Considering the graphs of power vs time in capacitor/inductor only circuits, the average power is 0. Shouldn't this mean that on average reactive power is just 0?

Apologies if the question is a bit unclear, I am having a difficult time just explaining my confusion.

• So Q is a quantification of the power transferred between source and load. Positive, power is absorbed by device, negative, returned due to collapse of magnetic or electric field, – StainlessSteelRat Apr 18 '17 at 16:15
• You can also look at this from an energy view point. Reactive power is the work that is done to establish and collapse magnetic and electric fields in components (specifically inductors and capacitors). This power is "not real" in the sense it does no useful work, but is required to be put into the system to make it operational to begin with. – Envidia Apr 18 '17 at 16:50
• Just to add another analogy. Think of walking across a long trampoline. If you go by leaps and bounds, you will be transferring energy between sprung weight on the trampoline (call that electrostatic potential stored in capacitance) and potential energy in the air when out of contact with the surface (call that magnetic potential stored in inductance.) Either way, the energy needed to get to the end is the same, whether you walk or bounce your way. But the headroom you need is different, depending. – jonk Apr 18 '17 at 16:57
• Reactive power makes for a great beer analogy – Mast Apr 18 '17 at 22:12
• 0 on average is very different from just 0. AC voltage and current are also 0 on average. – Dmitry Grigoryev Apr 19 '17 at 8:44

## 7 Answers

Let's ignore the power aspect for a second, and think about what reactance really is.

You know a math and theory, you can talk about things in abstract theoretical constructs using complex numbers, phasors, and all that. But abstract models are exactly that: abstract models. The math can model a thing, but it won't really help you understand the physical system it is modeling except in other abstract ways.

So let's ignore the math for a second, and talk about what reactance really is.

Actually, let's talk about resistance. The real component to impedance. Ultimately, resistance represents energy loss. Resistance consumes some of the kinetic energy of electrons moving through the circuit, and that manifests as the familiar ohmic voltage drop we see across any resistive load. Electrons smack into stuff, set them vibrating, and the resistive load heats up as joules are lost by the electrons and transferred into the load. The faster the rate of energy that moves through this load, the faster the rate of power lost, and the harder you have to push to make that happen.

But that's just one side of the coin. Besides simply dissipating energy to the environment, there is another option that can happen: energy can be stored. Capacitance and inductance are often talked about as being 'duals' of each other because they're both measures of energy storage. Capacitance is a measure of energy stored in an electric field, while inductance is a measure of energy stored in a magnetic field.

Energy being stored looks just like energy being dissipated, at least at first. In both cases, energy that was in the circuit is no longer present. The only difference between resistance and reactance here is that with resistance, that energy is gone for good, but reactance will eventually return that energy back to the circuit at a later time. Well, and of course as a measure of storage, they eventually reach a maximum amount of storage given a static circuit. A capacitor will need a higher voltage to store more energy, an inductor likewise will need higher current to store more energy. This is the 'reactance' aspect. As energy is stored, less power is seemingly dissipated by this reactance until it vanishes entirely. If the power starts going down, the stored energy is released back into the circuit.

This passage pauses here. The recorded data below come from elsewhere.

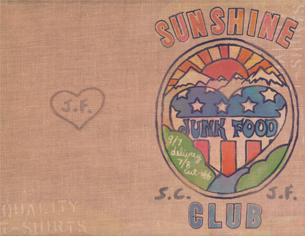 丈もシャツぐらいの長さでステンシルのプリントが目を引きます。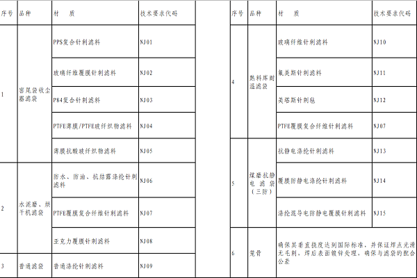 1.3使用壽命要求:窯尾耐高溫濾袋要求國產(chǎn)濾料不低于3年,進口濾料不低于5年(要求提供保證措施),煤磨濾袋不低于2年,普通濾袋、熟料庫耐溫袋不低于1年,水泥磨濾袋不低于1.5年,投標方在投標時必須列明具體保證壽命。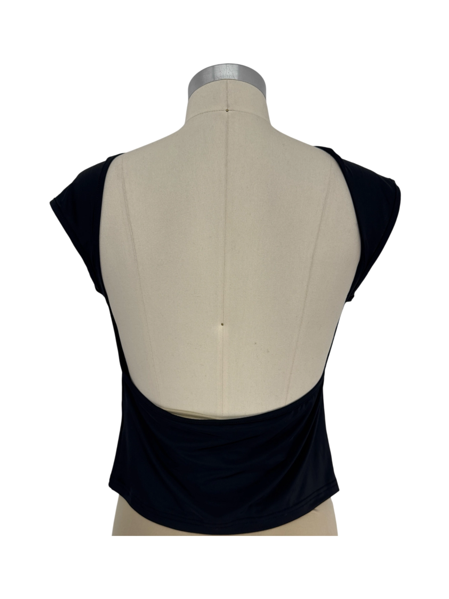 Elevate your wardrobe with this chic black blouse. This pre-owned top features a flattering scoop neck and short sleeves, perfect for warm weather. Made from a blend of recycled nylon and spandex, offering both comfort and sustainability. The sleek design and versatile color make it an ideal choice for both casual and dressier occasions. A stylish addition to any closet, providing both comfort and timeless elegance. - Elevate your wardrobe with this chic black blouse. Featuring a flattering scoop neckline and short sleeves, this top is perfect for warm weather. The sleek design, crafted from a comfortable nylon and spandex blend, makes it versatile for both casual and dressy occasions. This pre-owned blouse offers a stylish and sustainable choice for any fashion-forward woman.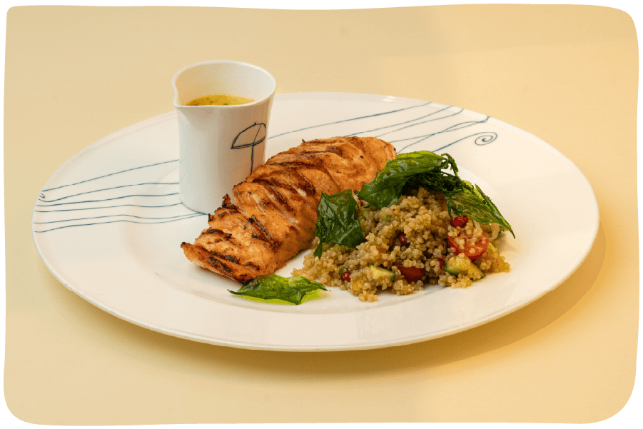 سلمون النرويجي مع صلصة الميزو، الكينوا مع صوص اكليل الجبل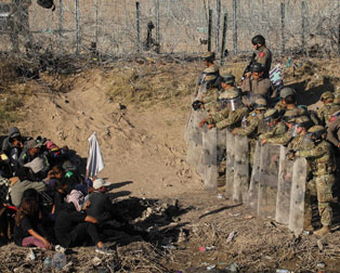 ▲ Venezolanos ondean una bandera blanca mientras son obligados a retirarse por miembros antidisturbios de la Guardia Nacional de Texas y la policía de carreteras que vigilan las orillas del río Bravo para impedir la llegada de más migrantes a Estados Unidos, como se observa desde Ciudad Juárez. Foto Afp
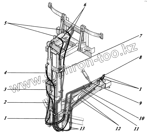 Каталог запасных частей к технике: Коммаш КО-440. Монтаж гидросистемы на манипуляторе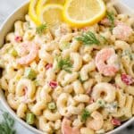 Keywords: Shrimp Macaroni Salad, shrimp pasta salad, creamy pasta salad, easy seafood salad, dill macaroni salad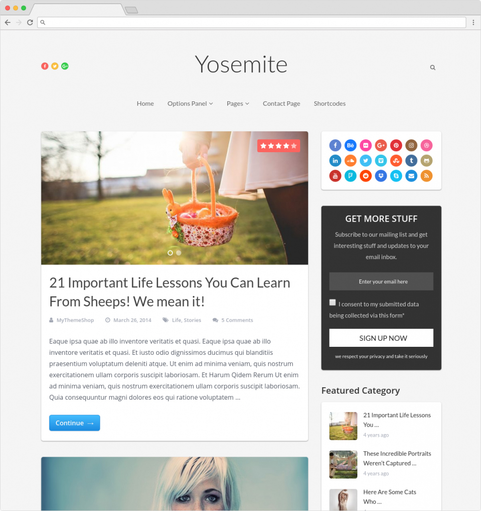 Yosemite Powerful WordPress Parallax Personal Blog Template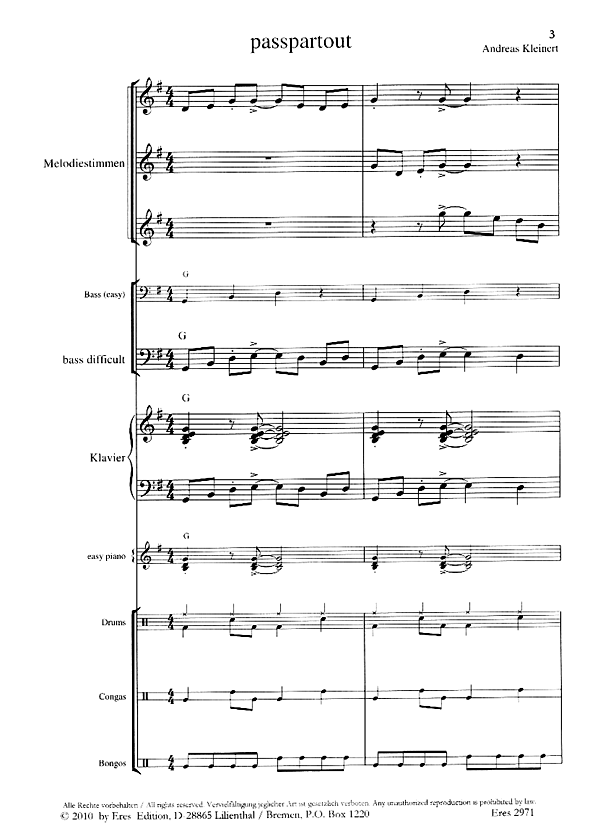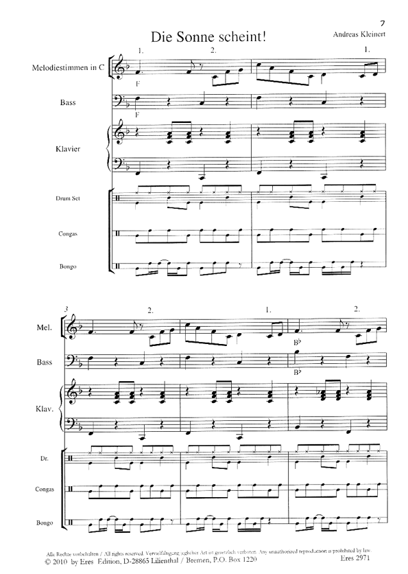 Melodiestimmen, Bass (easy), Bass (difficult), Klavier, Klavier (easy), Drums, Congas, Bongos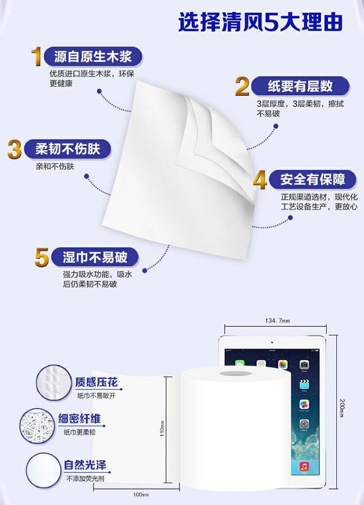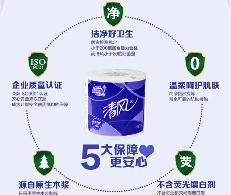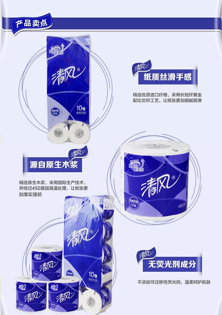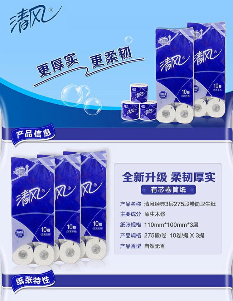 清風(fēng) B22AA5 三層原木有芯卷筒紙 275段 10卷/提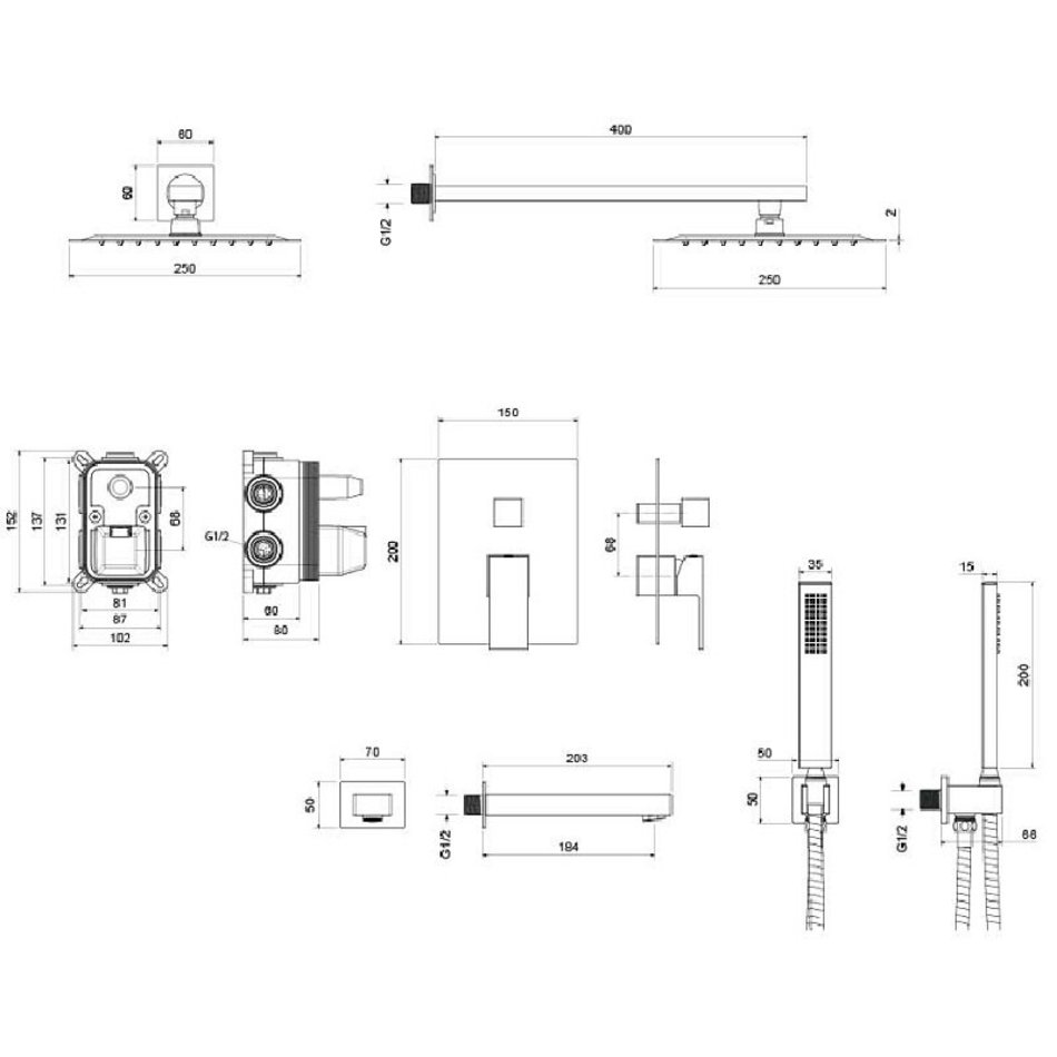 - Душевой гарнитур: лейка, шланг, шланговое подсоединение с держателем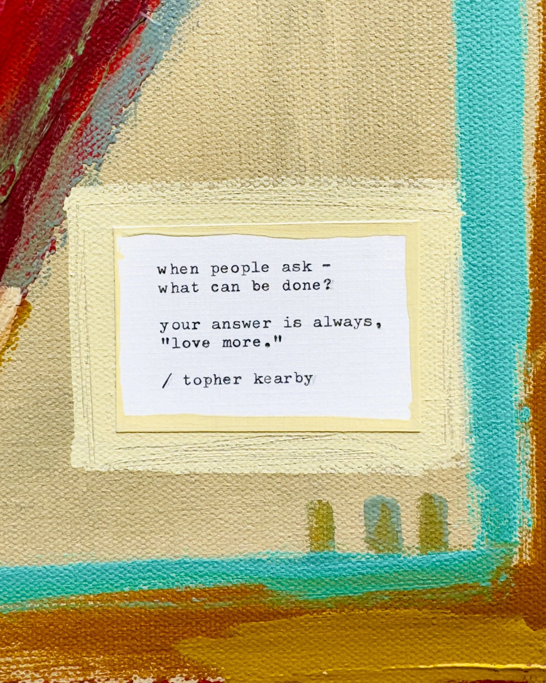Layers of magenta, black, and bright tones create a cosmic, swirling composition. At its center, a poem is hand-typed and fixed into the canvas, grounding the chaos in a simple truth.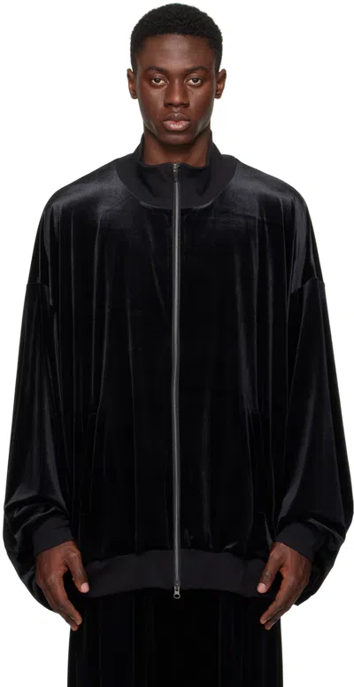 Zip-up Velvet Bomber Jacket In Black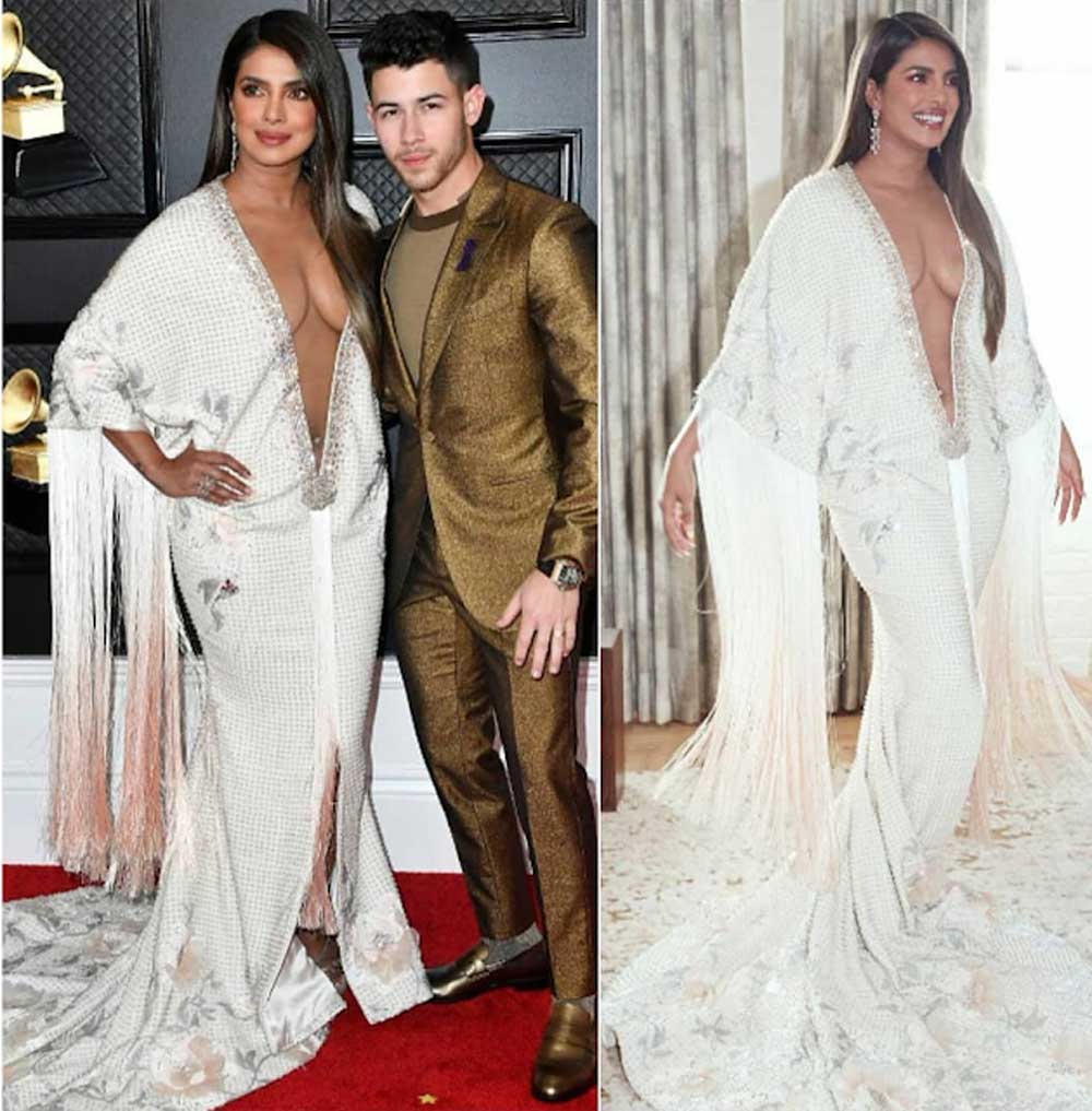 Plus, of course, one of the biggest pleasure for viewers was taking in all the red carpet fashion highlights, starting with nominee Ariana Grande’s show-stopping ruffled Cinderella-like dress. The singer who also delivered a powerhouse performance with a mix of songs from her album Thank U, Next, opted for an oversized, romantic dove grey tulle Giambattista Valli ballgown, which she accessorised with matching opera-style gloves. While performer, jubilant first-time winner and one of the most nominated artists Lizzo reminded us of Britney Spears in an all-white look, she also channelled Diana Ross. The star, who nabbed Best Traditional R&B Performance for Jerome, paired her white strapless Atelier Versace gown, which came with diamante detail and split, with a long feather boa and a diamond necklace. Priyanka Chopra also looked phenomenal in an ivory sequin-encrusted silk crêpe cady kimono. The plunging Ralph & Russo couture creation was hand painted with peonies and embellished with opal stones, 3D organza petals and featured peach ombré fringed sleeves. Also wearing ivory was award presenter Dua Lipa, who looked gorgeous in her 90s-style slinky satin two-piece set.

So what is apparent power? It's simply the rate at which a circuit or part of a circuit (depending on what you're calculating for/looking at) is storing energy, or, if the magnitude is opposite, the rate at which it is releasing energy. That's all. It's not weird, or strange, and it is a real, physical, quantifiable thing. If you charge a massive capacitor bank, from a battery, it will consume joules from that battery, and it will do so at a certain rate, one that is highest at first, but will eventually fall to zero. This is, technically, reactive power. But it's still measured in watts, and watts are, well, always watts. You just are measuring the rate at which something stored joules, rather than the rate at which it simply dissipated them.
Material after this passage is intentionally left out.